>>>

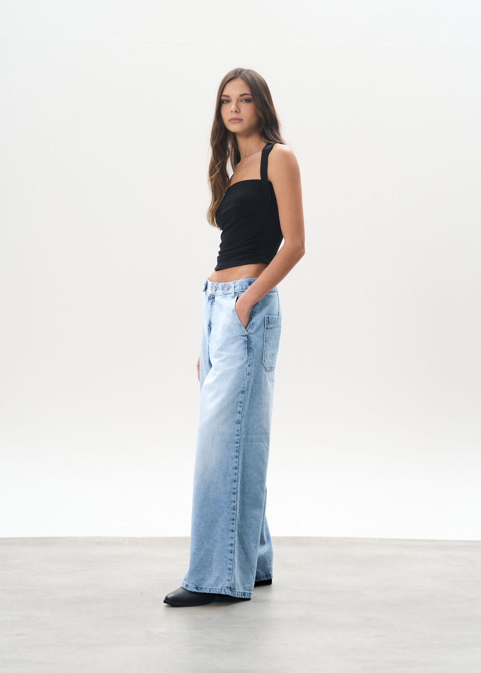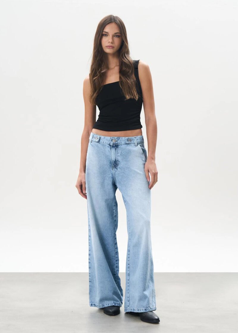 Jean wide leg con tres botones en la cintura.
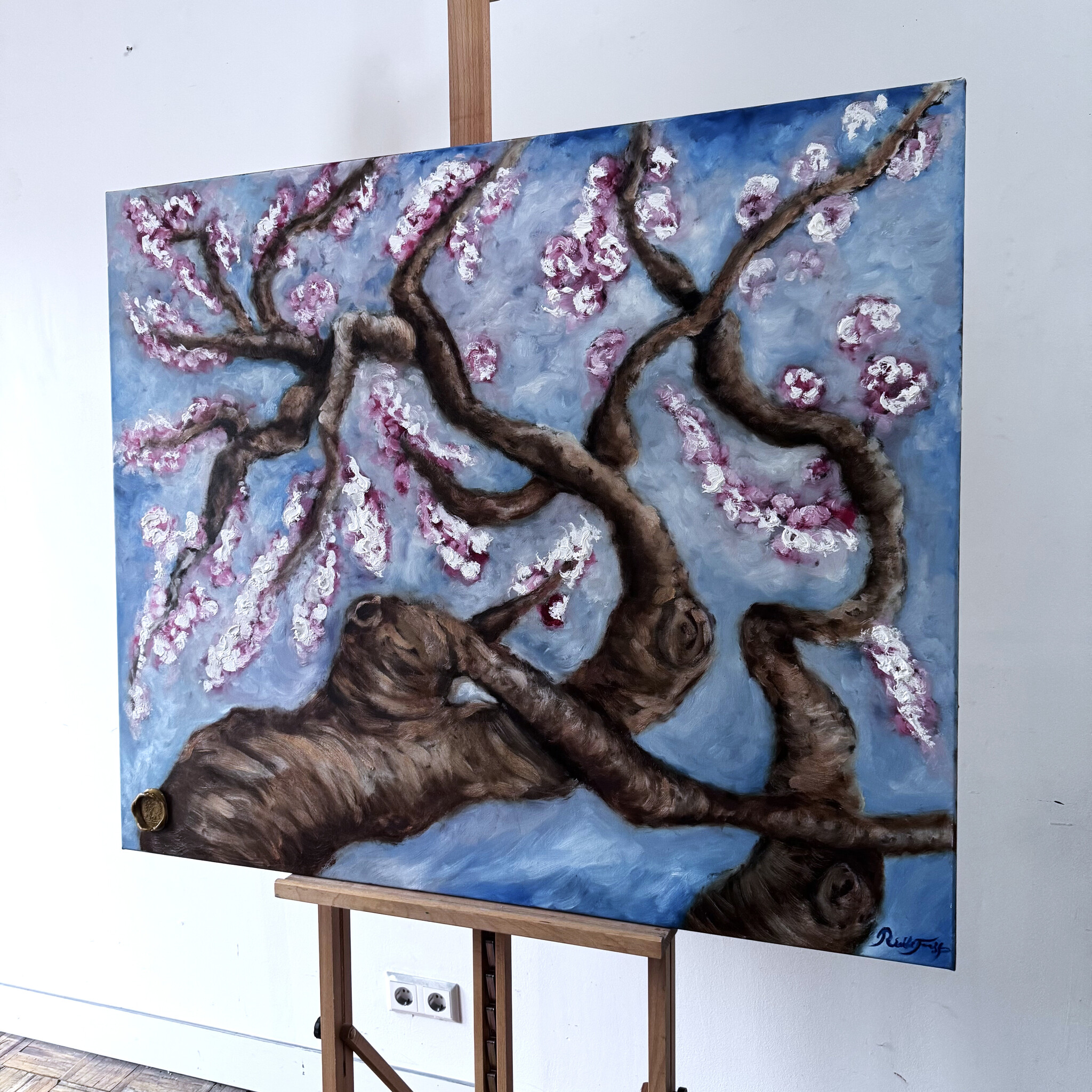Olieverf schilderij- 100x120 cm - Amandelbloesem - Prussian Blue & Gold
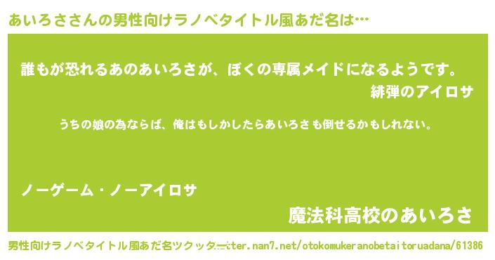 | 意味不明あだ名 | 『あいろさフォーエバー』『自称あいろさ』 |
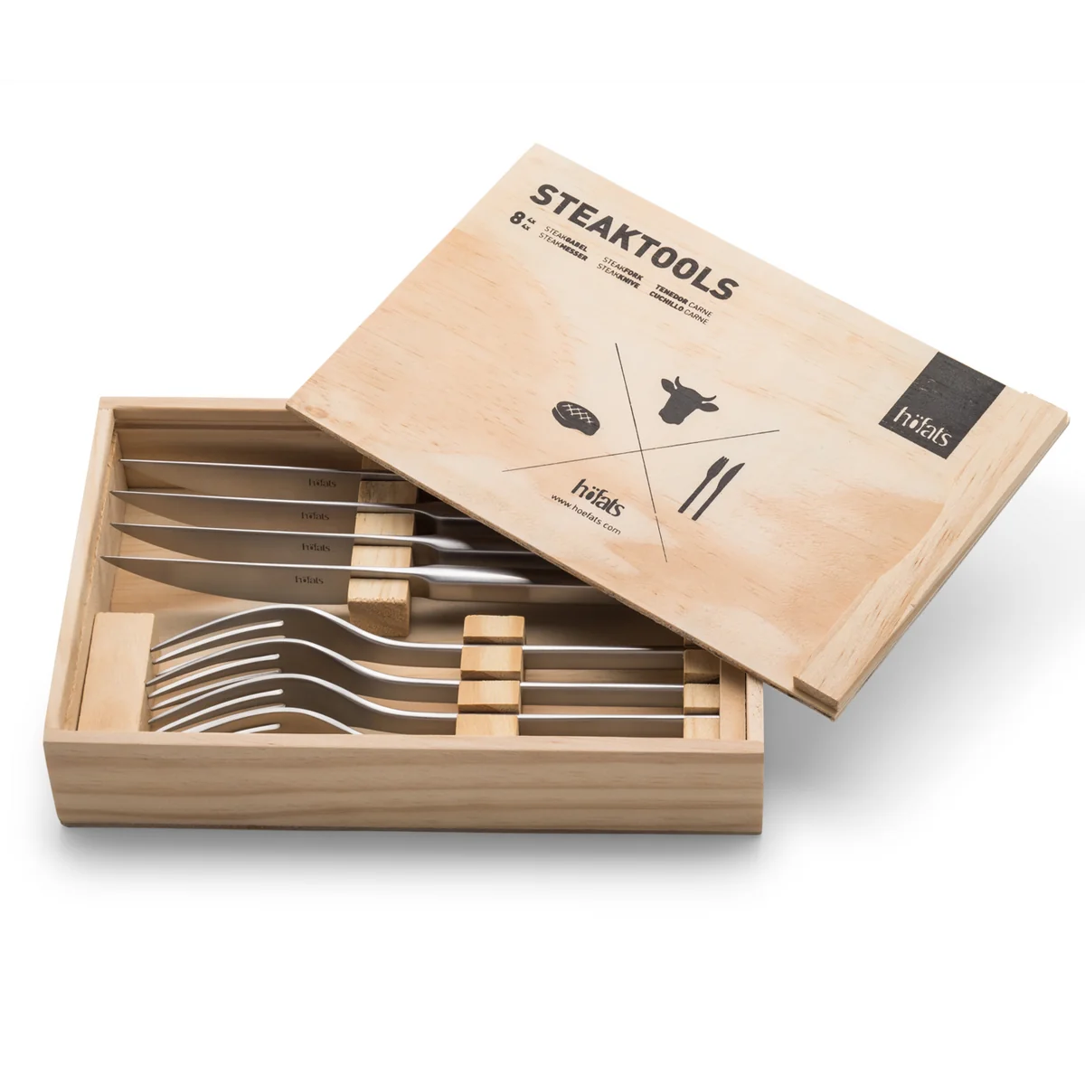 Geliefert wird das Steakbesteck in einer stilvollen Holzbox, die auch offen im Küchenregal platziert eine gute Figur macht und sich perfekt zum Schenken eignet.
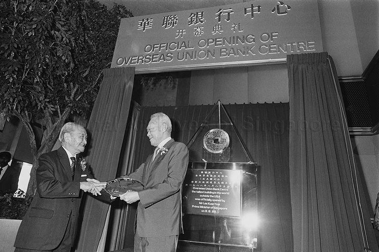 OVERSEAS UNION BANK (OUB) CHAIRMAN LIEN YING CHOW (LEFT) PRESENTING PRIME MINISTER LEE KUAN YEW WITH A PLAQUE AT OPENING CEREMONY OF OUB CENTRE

<<<

Please set the records down again exactly as written. The pictures should not be included.

TASK SOLUTION >>
 Jean wide leg con tres botones en la cintura.
Olieverf schilderij- 100x120 cm - Amandelbloesem - Prussian Blue & Gold
 | 意味不明あだ名 | 『あいろさフォーエバー』『自称あいろさ』 |
 Geliefert wird das Steakbesteck in einer stilvollen Holzbox, die auch offen im Küchenregal platziert eine gute Figur macht und sich perfekt zum Schenken eignet.
 OVERSEAS UNION BANK (OUB) CHAIRMAN LIEN YING CHOW (LEFT) PRESENTING PRIME MINISTER LEE KUAN YEW WITH A PLAQUE AT OPENING CEREMONY OF OUB CENTRE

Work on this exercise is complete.